To calculate the sample covariance matrix we build the return matrix by stacking log‑returns into an $(T-1)\times n$ matrix

\[ R = \begin{bmatrix} \mathbf r^{(1)} & \mathbf r^{(2)} & \cdots & \mathbf r^{(n)} \end{bmatrix}, \]

where each column

\[ \mathbf r^{(i)} = \bigl(r_1^{(i)}, r_2^{(i)}, \dots, r_{T-1}^{(i)}\bigr)^\top \]

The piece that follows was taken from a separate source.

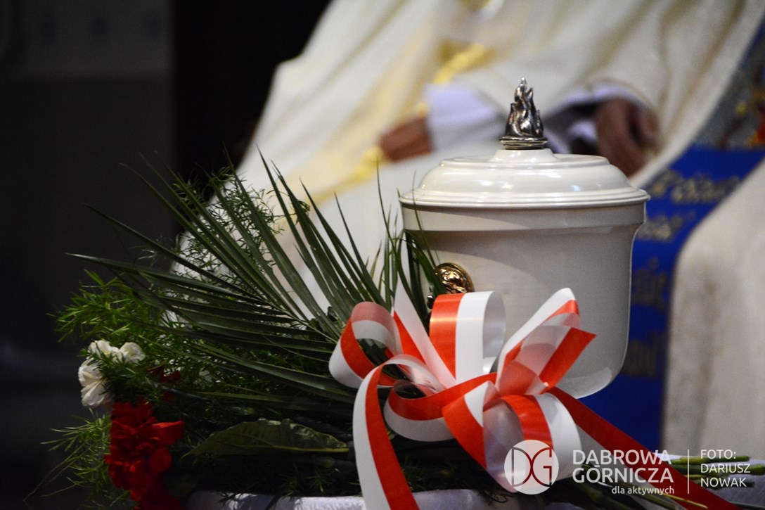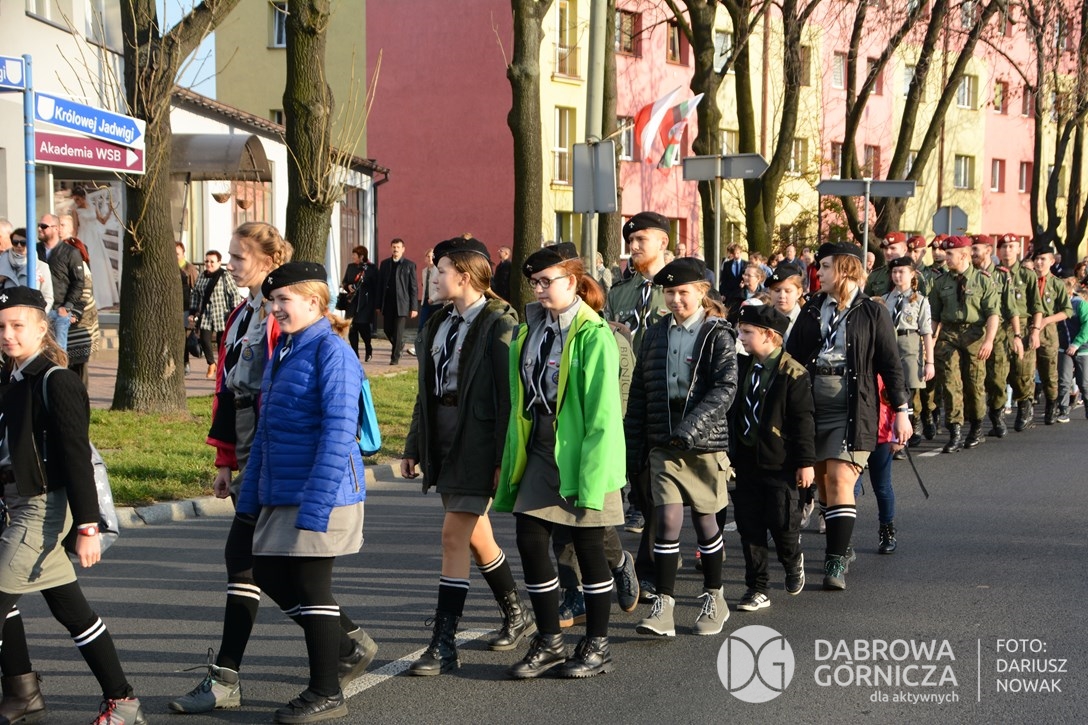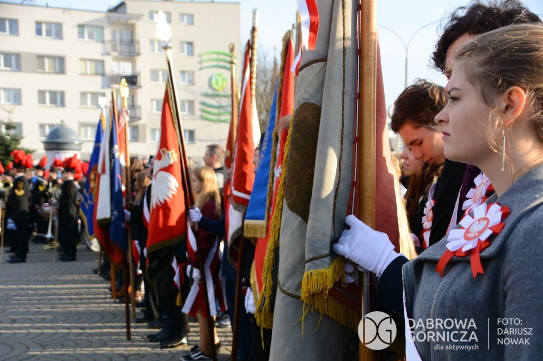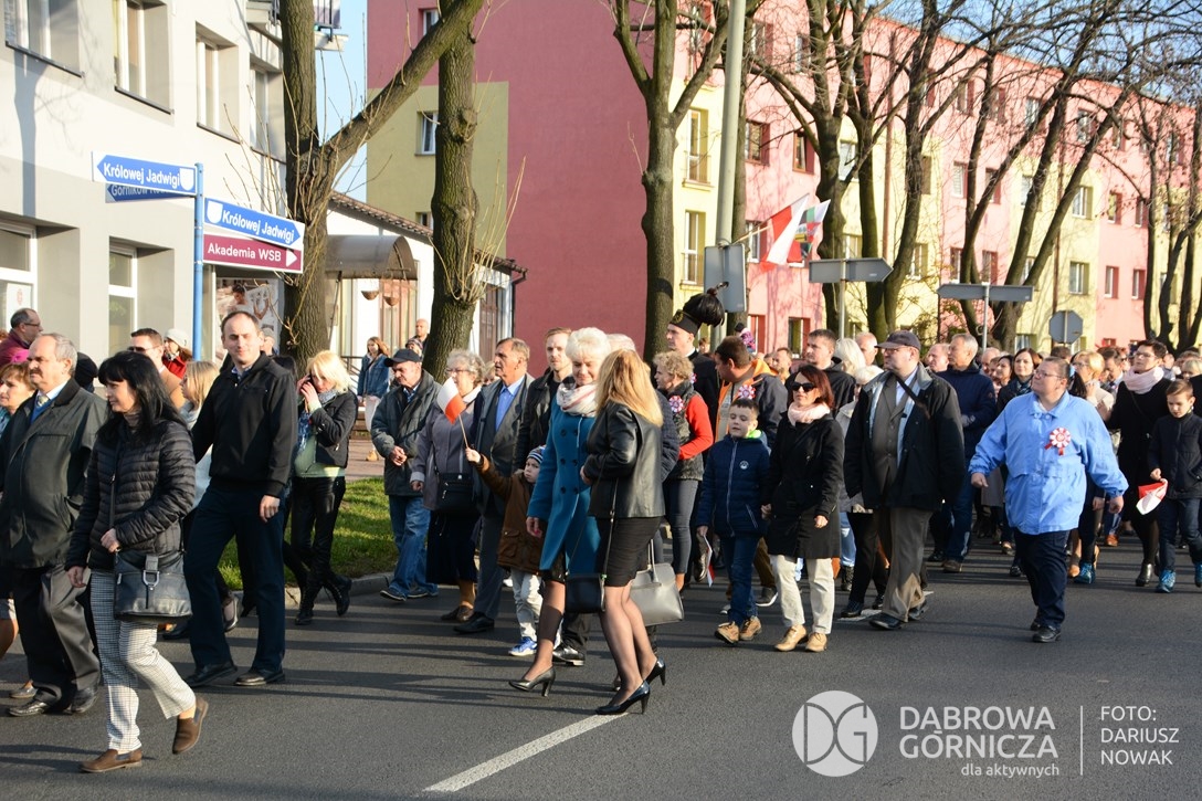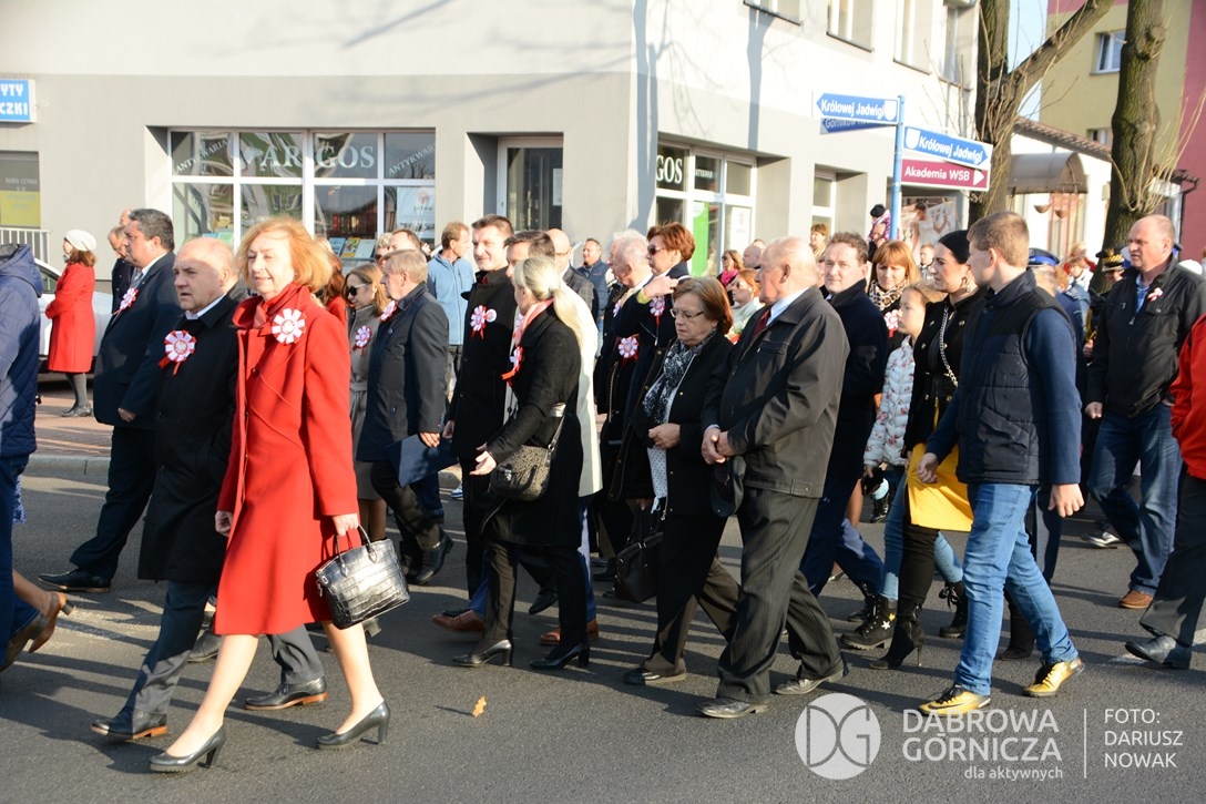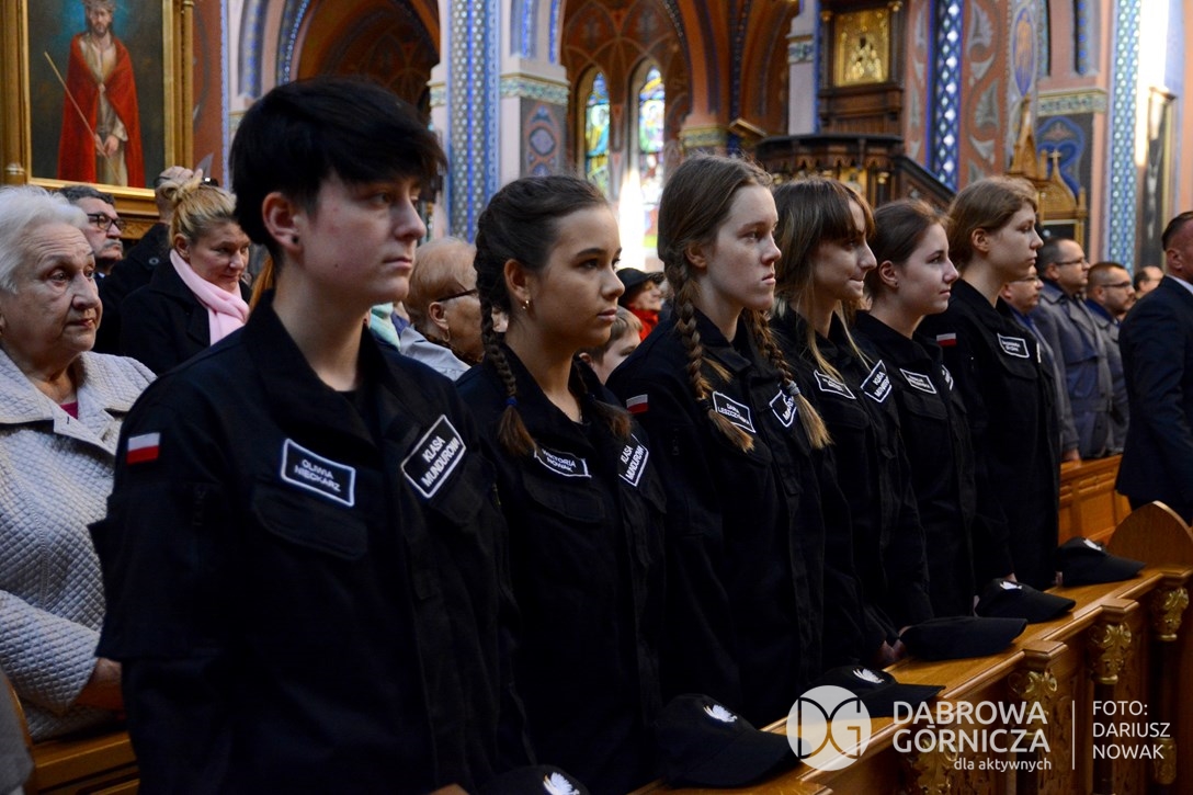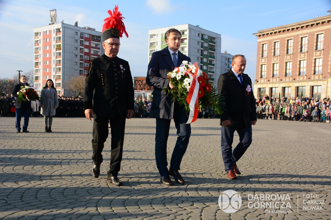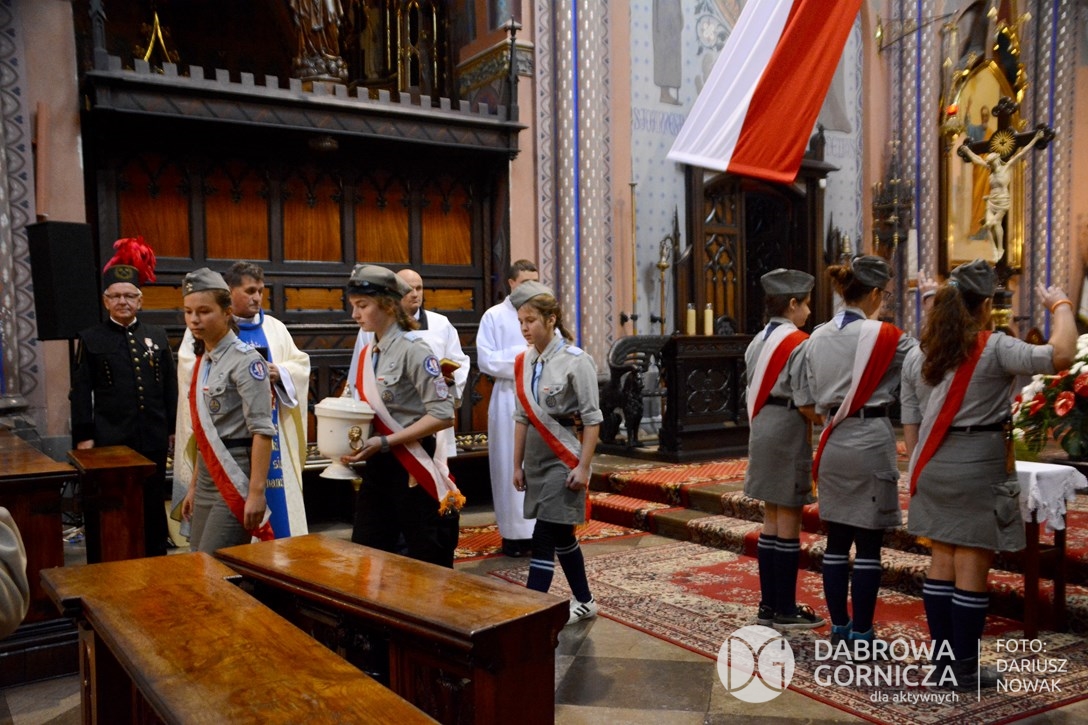 2018.11.11 Dąbrowa dla Niepodległej. Uroczysta msza w Bazylice, kwiaty na Placu Wolności, Ognisko patriotyczne i inne. FOTO: Dariusz Nowak (nddg)

contains the log‑returns of asset $i$: $$ r_t^{(i)} = \ln\bigl(\tfrac{p_{t+1}^{(i)}}{p_t^{(i)}}\bigr). $$

Then we center the return matrix by subtracting each column’s mean from its entries, i.e.\ $$ \tilde R = R - \mathbf1\,\hat{\boldsymbol\mu}^\top, \quad \hat{\boldsymbol\mu} = \frac{1}{T-1}\,R^\top\mathbf1. $$

Finally, the sample covariance matrix is found as follows:

\[ \hat\Sigma = \frac{1}{T-1}\,\tilde R^\top\,\tilde R = \frac{1}{T-1} \sum_{t=1}^{T-1} (\mathbf r_t - \hat\mu)(\mathbf r_t - \hat\mu)^\top. \]

Note: Because $\hat{\boldsymbol\mu}$ itself is a function of log‑returns, the sample covariance ultimately builds on log‑returns. Ensuring log‑returns are well‑justified (e.g., by the normality assumption in Osborne’s work) is therefore crucial, as it underpins every step of this construction.

Numerical Example: Sample Covariance Matrix

Using our nine days of log‑returns for six assets (AAPL, AMZN, GOOG, MSFT, TQQQ, TSLA) from the numerical example, we obtain:

	AAPL	AMZN	GOOG	MSFT	TQQQ	TSLA
AAPL	0.000299	0.000097	-0.000012	0.000027	-0.000035	0.000058
AMZN	0.000097	0.000285	-0.000078	0.000254	0.000244	0.000202
GOOG	-0.000012	-0.000078	0.000851	0.000265	0.000189	0.000099
MSFT	0.000027	0.000254	0.000265	0.000587	0.000374	0.000011
TQQQ	-0.000035	0.000244	0.000189	0.000374	0.000603	0.000328
TSLA	0.000058	0.000202	0.000099	0.000011	0.000328	0.000752

Diagonal entries are each asset’s daily variance (volatility squared).
Off‑diagonals are daily covariances, measuring how pairs of assets co‑move:
- Positive values (e.g. AMZN‑MSFT) indicate returns tend to rise and fall together.
- Negative values (e.g. AAPL‑TQQQ) indicate opposite movements.

Interpretation and Usage

In mean–variance optimization, $\hat\Sigma$ enters as the risk (variance) term you minimize for a given expected return.
In risk‑parity, you assign weights so that each asset’s contribution to overall portfolio risk, computed via $\hat\Sigma$, is equal.

Because both frameworks rely on the same $\hat\Sigma$ built from log‑returns and the sample mean, the justification of log‑returns’ properties (e.g., approximate normality) propagates through to your portfolio construction rules.